FIELD OF THE INVENTION

The invention is related to communication systems and more particularly to systems and methods for routing traffic in wireless communication systems.

BACKGROUND OF THE INVENTION

A traditional wireless access network consists of a number of base stations (access points) connected to a centralized controller (radio network controller/base station controller) using wired links (copper, co-axial cable, fiber). The radio network controllers are connected back to circuit-switches or packet-data routers which in turn connect to the wired telecommunications infrastructure (the core network). This traditional, hierarchical network is shown in FIG. 1.

In typical base station deployments in current networks, a wired connection is usually required from each base station to the controller and then onwards to the core network. In the vast majority of cases, these wired links are T1, E1, Ethernet or fiber links. In some rare cases, specialized dedicated line-of-sight microwave links are employed that use separate spectrum. Implementation of such dedicated backhaul connections is usually expensive. There may also be pairs of base stations in an existing network for which a dedicated backhaul connection can not be reliably or economically implemented. It is therefore worth considering alternative approaches to reducing backhaul costs. One such alternative is to somehow provision wireless backhaul links between the base stations themselves and thereby provide the backhaul communications path. Furthermore, it would be desirable not to dedicate separate spectrum and specialized equipment for such backhaul.

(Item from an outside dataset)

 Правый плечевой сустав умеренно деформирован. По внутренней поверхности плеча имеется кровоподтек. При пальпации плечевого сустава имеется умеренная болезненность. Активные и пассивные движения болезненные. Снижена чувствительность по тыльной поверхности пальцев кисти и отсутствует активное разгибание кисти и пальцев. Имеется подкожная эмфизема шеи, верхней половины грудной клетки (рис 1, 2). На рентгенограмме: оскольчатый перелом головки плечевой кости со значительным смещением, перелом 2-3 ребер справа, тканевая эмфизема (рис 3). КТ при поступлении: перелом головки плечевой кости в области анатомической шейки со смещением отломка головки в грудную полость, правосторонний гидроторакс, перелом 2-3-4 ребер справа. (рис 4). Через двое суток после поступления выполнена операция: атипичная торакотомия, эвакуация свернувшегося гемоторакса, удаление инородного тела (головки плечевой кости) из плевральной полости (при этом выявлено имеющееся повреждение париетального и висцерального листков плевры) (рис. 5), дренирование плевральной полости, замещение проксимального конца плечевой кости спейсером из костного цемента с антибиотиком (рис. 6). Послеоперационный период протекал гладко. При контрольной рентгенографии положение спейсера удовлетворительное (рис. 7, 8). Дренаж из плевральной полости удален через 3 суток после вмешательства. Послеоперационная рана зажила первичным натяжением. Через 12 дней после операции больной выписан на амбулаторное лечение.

In the case of fault isolation and trouble-shooting of base-stations, techniques in current cellular networks rely on the ability of the network operators to correlate information from many diverse sources. Quite often, the back-haul connection is leased from third-party service providers. Many times, when a lack of service is detected from a base-station, the root-cause cannot be clearly isolated to the wired network or the base-station RF chain for several hours, if not longer. There is no other mechanism available today to log-in to affected base-stations remotely when a backhaul may be malfunctioning. A site visit is required by a technician to confirm or rule out a mal-functioning base-station. This very expensive site visit could be avoided if another mechanism were made available to diagnose base-stations remotely.

Further, the actual numbers of infrastructure nodes (base stations or access points) is likely to increase by a few orders of magnitude. Typically, each of the large service provider networks today consist of in excess of 50,000 cells sites at which base stations are located. It is not unrealistic to expect such numbers to grow by a factor of 100 to about 5 million. Such large number of base stations will be needed to ensure truly ubiquitous data coverage. It is also likely that many of these new access points cannot be easily supported with a wired backhaul to the core network.

SUMMARY OF INVENTION

To address the problems described in the Background section, a methodology for routing packets via an access terminal (AT) between base stations (access points), using wireless technology, is disclosed.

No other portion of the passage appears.